Well, soon enough, Hank turned 30 and married a young woman named Amy-Lynn Higgins, whose pretty little legs he’d broken in the Jessup County ICU. After the wedding, the Pramls and the Higginses pitched in and bought the newlyweds a big house on six acres of riverfront property, just five minutes up the road from the factory. Hank and Amy-Lynn filled their new house with eight artificial children that they bought at the Wal-Mart up in Memphis — Timmy-Joe, Slimmy-Jean, Jimmy-Dean, Millie-Bean, Shimmie-Joy, Demi-Roy, Kimmy-Boy and Ron-Jeremy — and built a greenhouse out back, which they filled with artificial plants, also from Wal-Mart, which really does have low prices.
***
Hank and Amy turned 40 and 50 and 60; the kids stayed 4, 7, 8, 9, 11, 12, 14 and 16. Once or twice a year, for hoots, Amy-Lynn would get up in the middle of the night, inject Hank with a good dose of Twohey Mix™, and break his legs with a big sledgehammer.

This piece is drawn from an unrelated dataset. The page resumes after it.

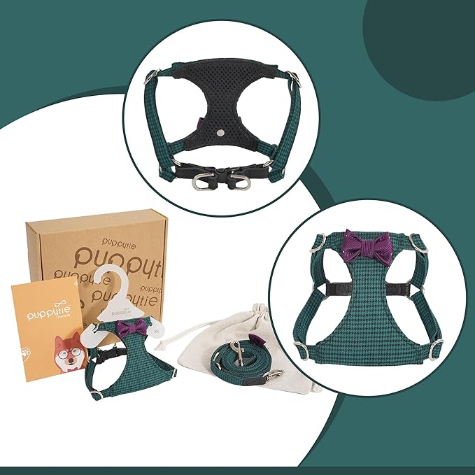Puppytie No Pull xs Dog Harness with Multifunction Dog Leash,Soft Adjustable No Choke Escape Proof Pet Harness Vest,Glossy Dark Green,XXS

That way, Hank could take some time off to spend with the family. It was all good fun.
On Saturdays, Hank got up early and took the big white F150 down to Smith’s Drug Store, where he’d meet up with his friends at the lunch counter, eat pie, drink coffee, and watch Fox News, which cheered everyone right up.
“Look who’s finally awake! Hey, Hank!”
“Hey, Chucker!”
“Howdy, Hank! How’s she runnin’?”
“Hidy, Fenton!”
“Hey, Hank! Saved you a seat, if you c’n still fit in it! Heh!”
“Look who’s talkin’, Timmy!” Hank’d say, always, and always, always smile. Then Becky-Lynn’d fix Hank up with a slice of peach pie and a steamin’ cup of coffee, without Hank even having to ask.
“Thanks, Becky-Lynn,” Hank’d say, every time. “How’s things with you and Pete?”
“Pretty good,” she’d reply. “How’s Amy-Lynn? How’s your suicide a-comin’?”
“Pretty good, pretty good,” Hank’d say. “Shouldn’t be much longer now.”
***
And it wasn’t. Hank turned 70 and retired. His project was almost over. He and Amy-Lynn had long since returned their artificial children to Wal-Mart for store credit, and now they spent their days tending the artificial plants in the greenhouse out back, both in high-end Twohey wheelchairs, having broken each other’s legs so many times.
First tornado of the season arrived late one Frid’y afternoon. The sun snuck under the cloudline and turned the sky a sickly greenish-yellow. Everything got slow and still, until Hank and Amy heard what sounded like the Illinois Central approaching from on high. They looked up through the greenhouse and saw a big ol’ dark red funnel cloud directly above, twistin’ a this way and that, grindin’ its way down.
“That one’s got your name on it,” Amy-Lynn smiled at her husband.
“Well, look at that,” said Hank, reading the tornado and smiling back. “So it does.”